• **EXERCISE DATA**

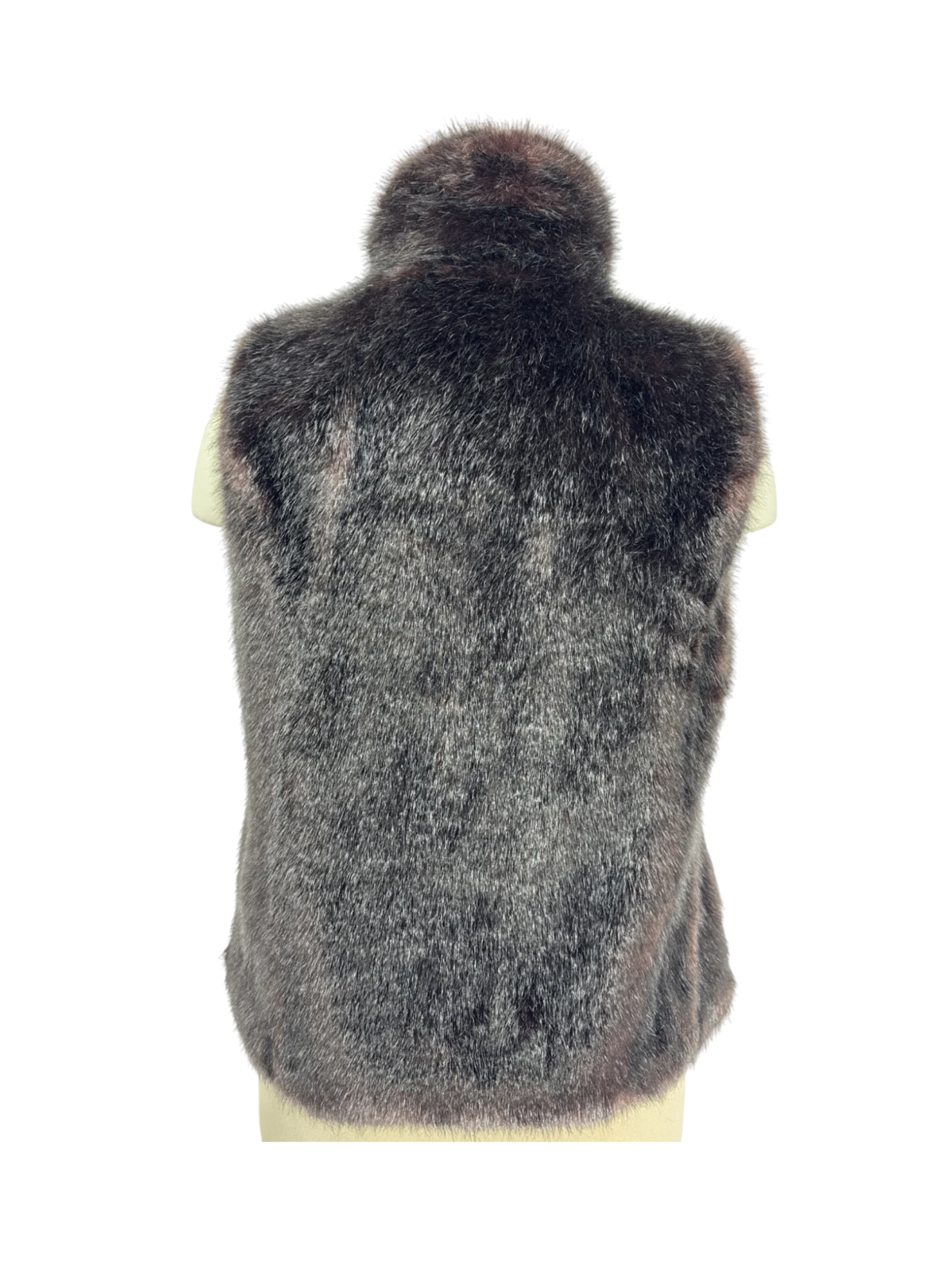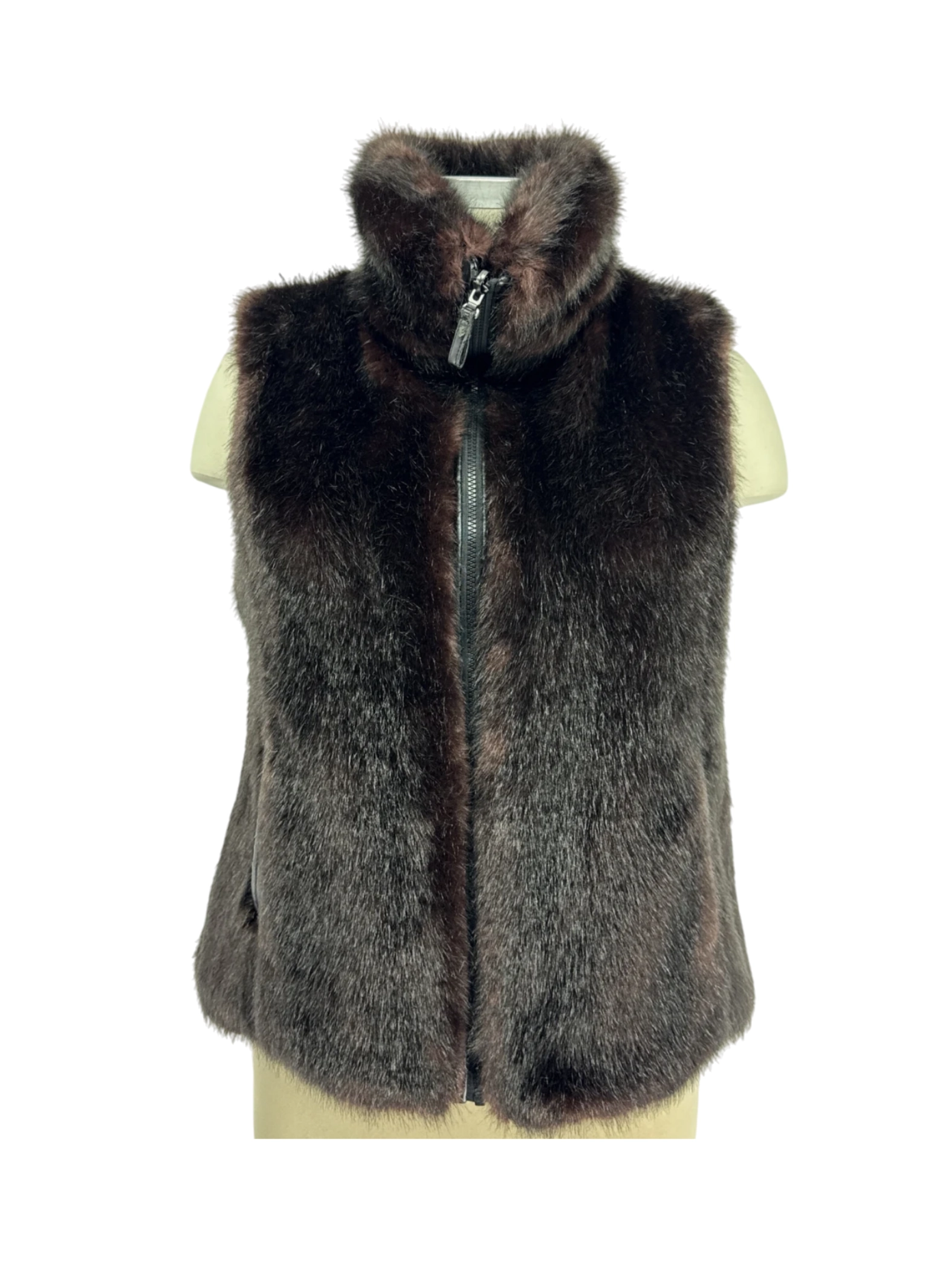 This pre-owned women's vest is a cozy and stylish addition to any wardrobe. Made from soft, faux fur, it offers warmth and a touch of luxury. The vest features a high collar, a full zip closure, and a versatile brown color that complements various outfits. Perfect for layering, it's an ideal choice for fall and winter, offering both comfort and fashion-forward flair.
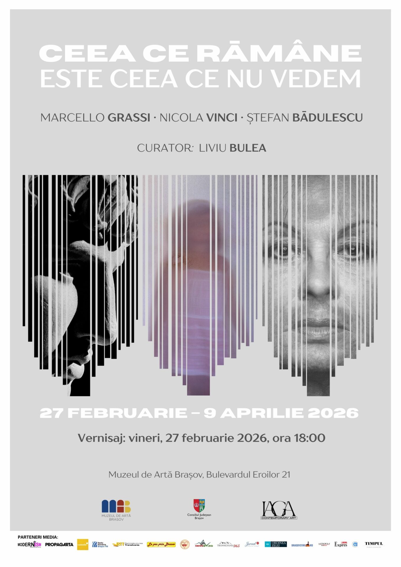 Muzeul de Artă Brașov, în parteneriat cu Galeria IAGA Contemporary Art, vă invită vineri, 27 februarie 2026, de la ora 18:00, la vernisajul expoziției „Ceea ce rămâne este ceea ce nu vedem”, curatoriată de Liviu Bulea. Expoziția reunește creațiile a trei artiști, Ștefan Bădulescu, Nicola Vinci și Marcello Grassi, ale căror lucrări transformă fotografia într-un limbaj al introspecției, al memoriei și al unei căutări atemporale.
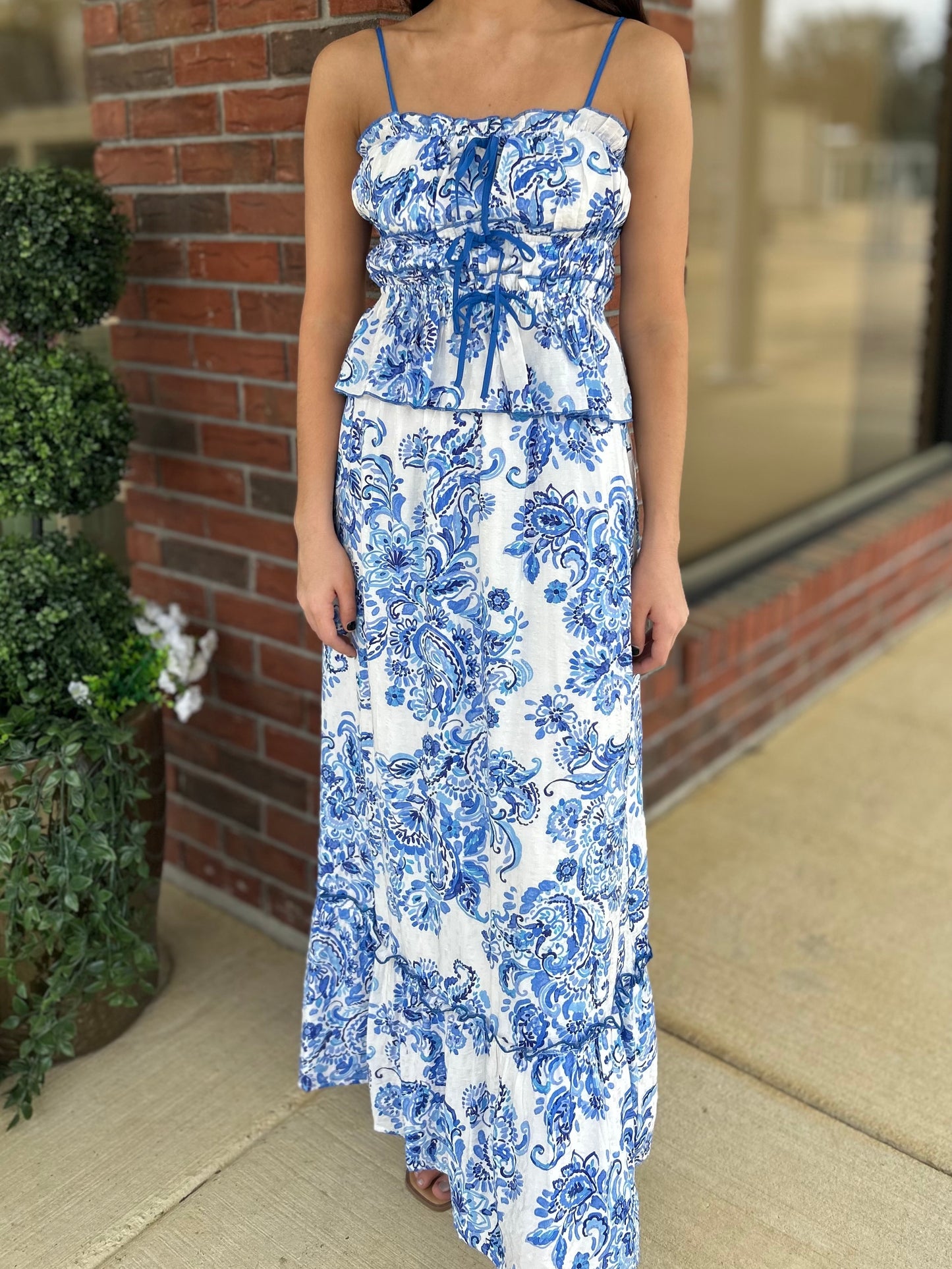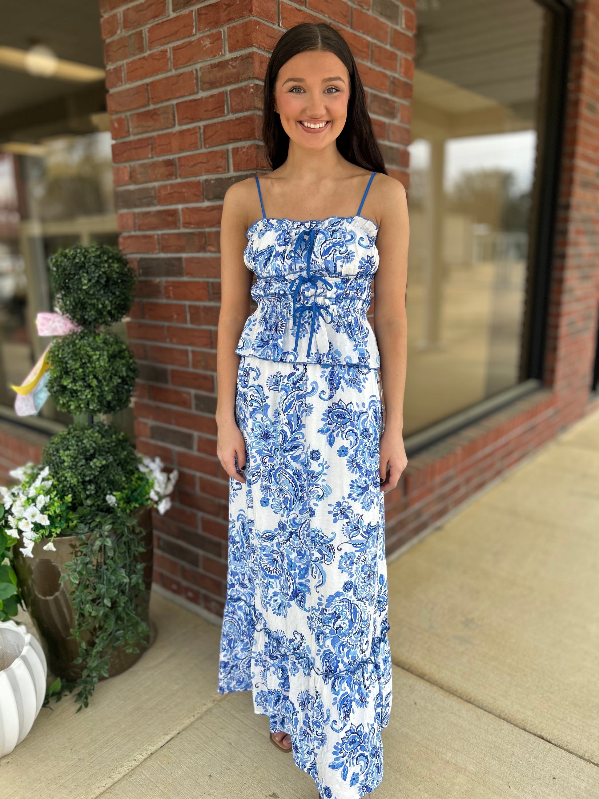 Print Ruffle Detail Cropped Top
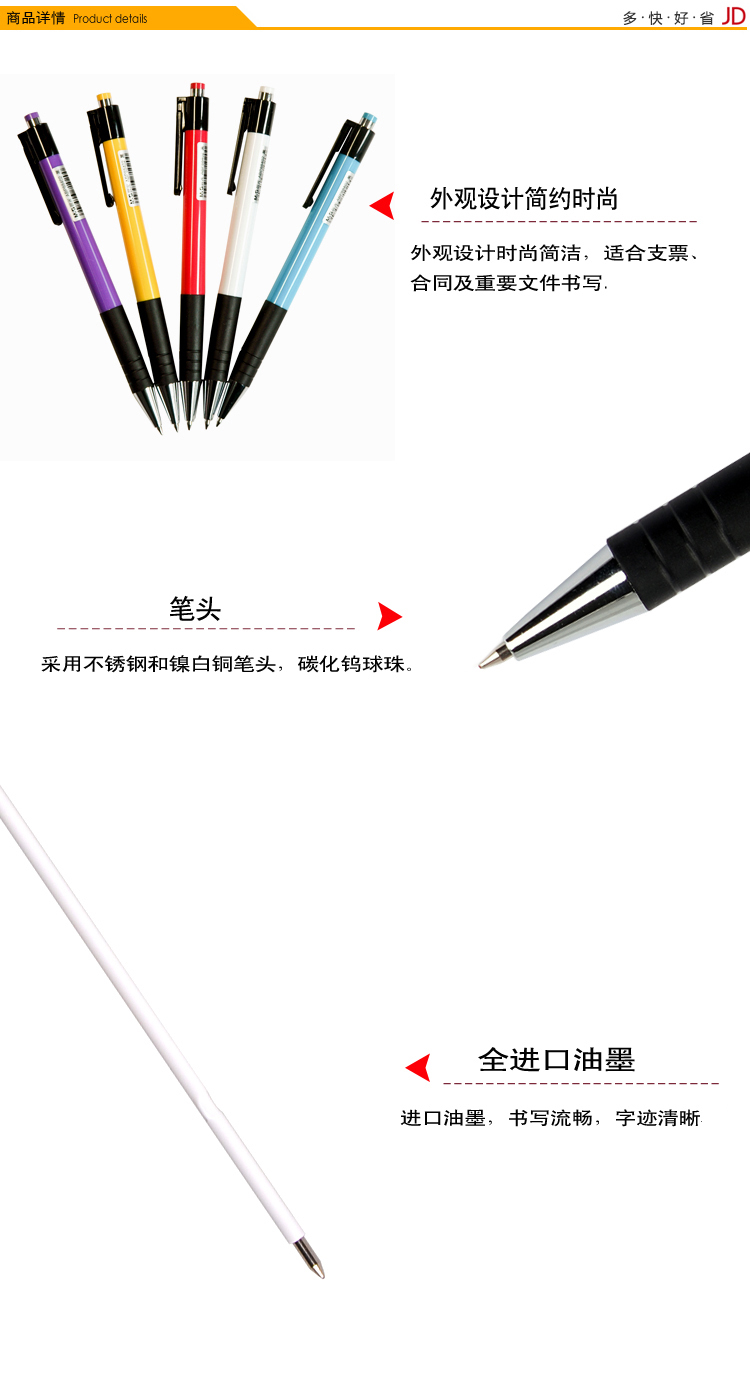 得力(deli)S01中性笔签字笔 0.5mm子弹头经典办公按动笔水笔 12支/盒

• **EXERCISE**
Starting at the line that contains "Print Ruffle Detail Cropped Top", restate each line verbatim through the final line of the listing, skipping all pictures.

• **ANSWER BOX**
 Print Ruffle Detail Cropped Top
 得力(deli)S01中性笔签字笔 0.5mm子弹头经典办公按动笔水笔 12支/盒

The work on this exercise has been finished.